Serving a Dialogic Stance?: A Big Picture Look across Oracy Repertoire During Whole Group Instruction

Submitted by: MAUREEN BOYD
Abstract: The principles of dialogic teaching and learning - jointly undertaken inquiries, open exchange of ideas, engagement with multiple voices and perspectives, and respectful classroom practices that cultivate student access and agency - cannot be enacted through a single talk move or literacy event (Alexander, 2008; Burbules, 2003). Rather, they necessarily involve a repertoire of talk purposes and practices that foster dialogic relations and serve a dialogic instructional stance (Author1, 2016). When teachers adopt a dialogic stance they frame and plan material and respond to student cues in response-able ways that work together to support individual and group meaning-making. Response-able talk practices are contingent on previous contributions, animate student ideas, and result in chains of exploratory student talk (Author 1, 2016).

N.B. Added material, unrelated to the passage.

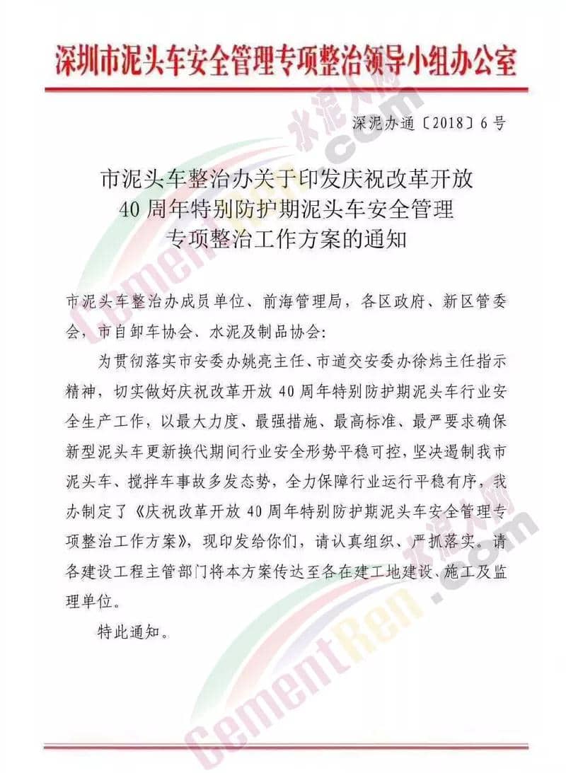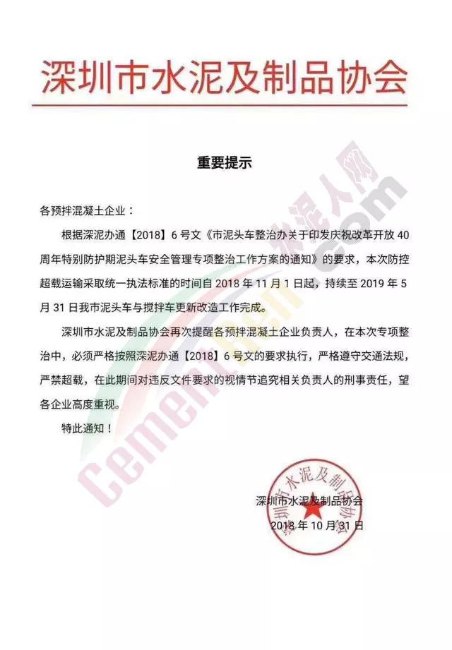 10月31日深圳市水泥及制品協(xié)會發(fā)布重要提示稱,根據(jù)深泥辦通【2018】6號文《市泥頭車整治辦關(guān)于印發(fā)慶祝改革開放40周年特別防護(hù)期泥頭車安全管理專項(xiàng)整治工作方案的通知》的要求,本次防控超載運(yùn)輸采取統(tǒng)一執(zhí)法標(biāo)準(zhǔn)的時(shí)間自2018年11月1日起,持續(xù)至2019年月31日,深圳市泥頭車與攪拌車更新改造工作完成。

In this session, we consider dialogic relations of classroom talk across time and across repertoire. Data are part of a two-year case study in a second grade urban classroom in a rust-belt city in the US. Participants are 23 seven-year-old students who come from diverse ethnic and socio-economic backgrounds, and an experienced teacher with a masters in education. Focal data are 14 writing workshop minilessons comprising an instructional unit on fairytales/folklore enacted towards the end of the school year. Minilessons represent dialogue as instruction, arguably the instructional genre least associated with DT&L as the teacher purposefully employs talk toward “a definite end” (Burbules, 1993). We conduct a sociocultural discourse analysis (Mercer, 2008) of talk within and across the 14 minilessons. Our findings explicate and provide exemplification for:
-Varied questioning and uptake moves serving different purposes
-How this teacher uses concrete contingent questioning to animate and develop student ideas, and harness and cultivate student engagement and buy-in.
-Ways shared reading content and curricular goals cultivated different perspective-taking and openness to different ways of thinking.
-Discourse conditions where these second graders could respectfully disagree and defend their viewpoints.

Importantly, our study challenges local interactional patterns alone as markers of dialogic teaching and learning. Rather we look within and across minilessons at how 1)talk functions, 2)instructional purposes, and 3)scope of what is said, work together to promote dialogic relations that serve a dialogic instructional stance and support student learning.

References
Alexander, R. J. (2008). Towards dialogic teaching: Rethinking classroom talk (4th ed.). York, UK: Dialogos.
Author 1 (2016).
Burbules, N. C. (1993). Dialogue in teaching: Theory and practice. NY: Teachers College Press.
Mercer, N. (2008). The seeds of time: Why classroom dialogue needs a temporal analysis. Journal of the Learning Sciences, 17(1), 33-59.